Of course, if computer science had been more established, I might have had colleagues who knew that the GHC has a special group registration process for universities that opened in April. Instead, I saw that the general registration opens on July 13, and I figured we had time to find funding… until GHC announced that they had sold out of general registrations by 9:20am the day the registration opened. This is jaw dropping to me. I don’t know the exact time registration started, but even if half of the anticipated 15,000 attendees went through general registration, it’s likely that close to a thousand peopled registered every hour until registration closed. (I later learned that it is not uncommon for colleges to send large groups of students – I heard that Mount Holyoke sends 40 students a year, causing other faculty untold annoyance.)

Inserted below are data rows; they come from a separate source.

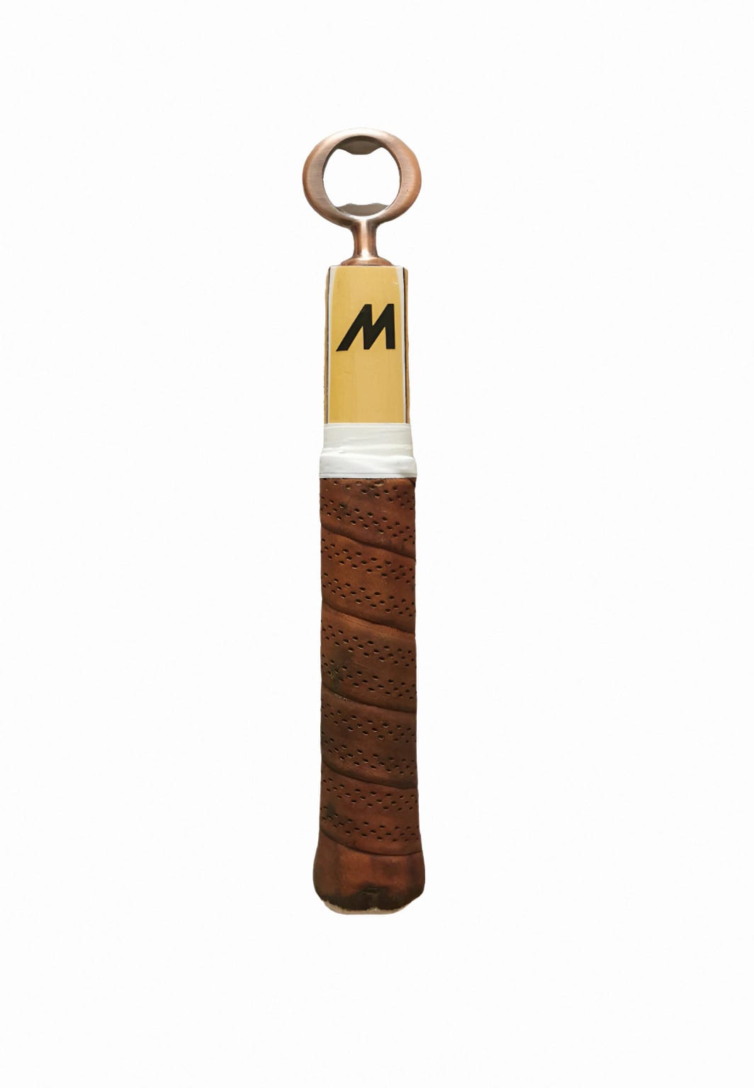 Décapsuleur confectionné à partir d'une ancienne raquette de tennis en bois.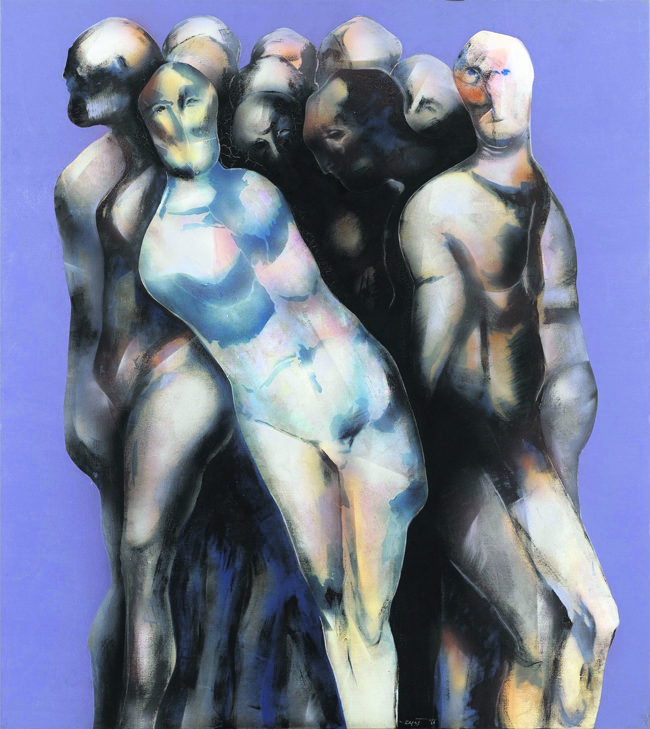 Είχα επισκεφθεί κάποια στιγμή το Αουσβιτς, όταν ακόμα ήταν εκεί σκελετοί. Επηρεασμένος βαθύτατα από αυτήν την επίσκεψη έκανα τα πρώτα θέματά μου που ήταν εμπνευσμένα από αυτήν τη συνταρακτική επίσκεψη. Πιστεύω ότι οι εικόνες αυτές μου έδωσαν το έναυσμα να προσπαθήσω δουλεύοντας να μεταφράσω με πνευματικό τρόπο στοιχεία άπιαστα, που έχουν να κάνουν με τον άνθρωπο. Υπήρξε περίοδος που τα έργα του Αουσβιτς είχαν μπει τόσο πολύ μέσα μου που κάθε φορά που έφτιαχνα ένα έργο εμπνευσμένο από αυτό το γύριζα ανάποδα, ώστε να μην το βλέπω, γιατί με πλήγωνε… Μερικές από αυτές τις γυναίκες του Αουσβιτς υπάρχουν και στην τωρινή έκθεση.
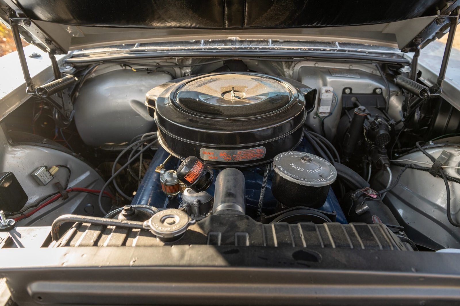 The silver-painted 15″ wheels wear chrome covers with color Cadillac center crests and are mounted with Coker Classic whitewall radial tires.

I was lucky that when I became aware of the situation, registration reserved for faculty was still open, so I will be visiting Houston in October. I’m not sure what I hope to learn. Although I’m sure there will be events aimed at computer science faculty and mentors, I suspect the main appeal of the celebration is for women to experience the rare luxury of being the majority, and to share stories and learn from each other. I have no issue with that, but since students are the main beneficiaries, it is a shame that the rising seniors will not be able to attend while they are still students.

Now that I am familiar with the GHC schedule, I have put the academic registration on my calendar for next year. I can’t think of any other event that I could drop the ball in the same manner, if there are opportunities for undergraduates that I should plan for, please do let me know.